Conyers was opposed by the bill’s supporters, however, who agreed that Congress could revisit the law in the future if it needed to be changed.

The bill’s sponsors include House Judiciary Committee Chairman Bob Goodlatte, R-Va., and U.S. Reps. Spencer Bachus, R-Ala., Steve Chabot, R-Ohio, and Steve Cohen, D-Tenn. — all of whom received a combined $432, 041 from political action committees and individual donors representing the computer and electronics sectors for the 2014 election cycle, according to OpenSecrets.org.

The computers and Internet industry also is the second highest contributor to the re-election campaign of U.S. Rep. Anna Eshoo, D-Calif., also a bill cosponsor.

As of May 19, computer industry-affiliated donors already had backed Eshoo’s 2014 re-election campaign with $97,240 of donations from individuals and political action committees.

In a blog post published on Tuesday, Amy McLean, director of advocacy communications of MyWireless.org, a consumer advocacy organization affiliated with the wireless industry, called the hearing “good news.”

“As we blogged about last week, extending the moratorium on taxing internet access is crucial to ensuring that Americans have affordable and wide-spread access to the Internet,” said McLean.

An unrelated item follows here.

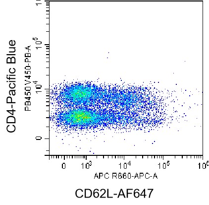• Staining of normal human peripheral blood mononuclear cells (PBMCs) using PB Anti-CD4 Antibody and AF647 Anti-Human CD62L Antibody (Clone: DREG-56) (Product No.: H0297). Analyzed data are derived from lymphocytes.

MyWireless.org organized a petition that received thousands of signatures from citizens, as well as participated in a coalition of organizations that signed on to a letter to lawmakers, both in support of the ban.

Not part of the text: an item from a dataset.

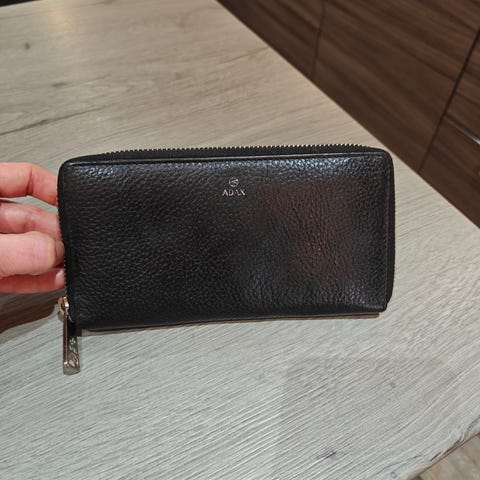 Uusi käyttämätön Adaxin nahkalompakko paksua mustaa nahkaa. Sisällä ruudullinen musta/beige-kangas. Koko 19x10. Nouto Käpylä, käteinen.
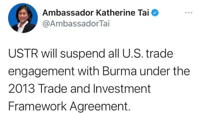 那科村隧道全长9296米,中老铁路全线第二长隧道,穿越4个断层带,地质复杂,施工难度大,安全管控风险高。自2017年5月开工以来,中铁广州局项目部攻克复杂地质带来的施工难题,积极创新,形成“东南亚雨林隧道软岩关键技术”等科研成果,并于2020年6月21日顺利贯通。 缅甸 一.美国宣布全面终止与缅甸贸易往来,立即生效 3月29日晚,美国贸易代表凯瑟琳.戴(Katherine-Tai,中文名:戴琪)在社交媒体上发文称,美国根据2013年《贸易和投资框架协议》(TIFA),决定暂停与缅甸的所有贸易往来,该决定立即生效,直到缅甸民选政府回归执政为止。

During the past several years, the federal government and state governments have been locked in a struggle over imposing and enforcing online sales taxes laws.

States and local governments argue that federal interstate commerce laws prohibit states from taxing online sales. Critics retort that state governments are looking for a politically savvy way to tax people who do not reside within their borders.

Tensions between federal and state oversight over the Internet were also highlighted recently when, in early June, a group of Republican senators challenged Federal Communications Commission Chairman Tom Wheeler’s plan to ignore state laws banning Internet services funded by local taxpayers.

Nearly a week later, in a blog post promoting the local Internet services of Chattanooga, Tenn., Wheeler reminded the senators that local elected officials were just as accountable to taxpayers as state officials.

“I understand that, like any venture, community broadband there hasn’t always been a success,” said Wheeler, stating that “a review of the record shows far more successes than failures.”

“If the people, acting through their elected local governments, want to pursue competitive community broadband, they shouldn’t be stopped by state laws promoted by cable and telephone companies that don’t want that competition,” said Wheeler.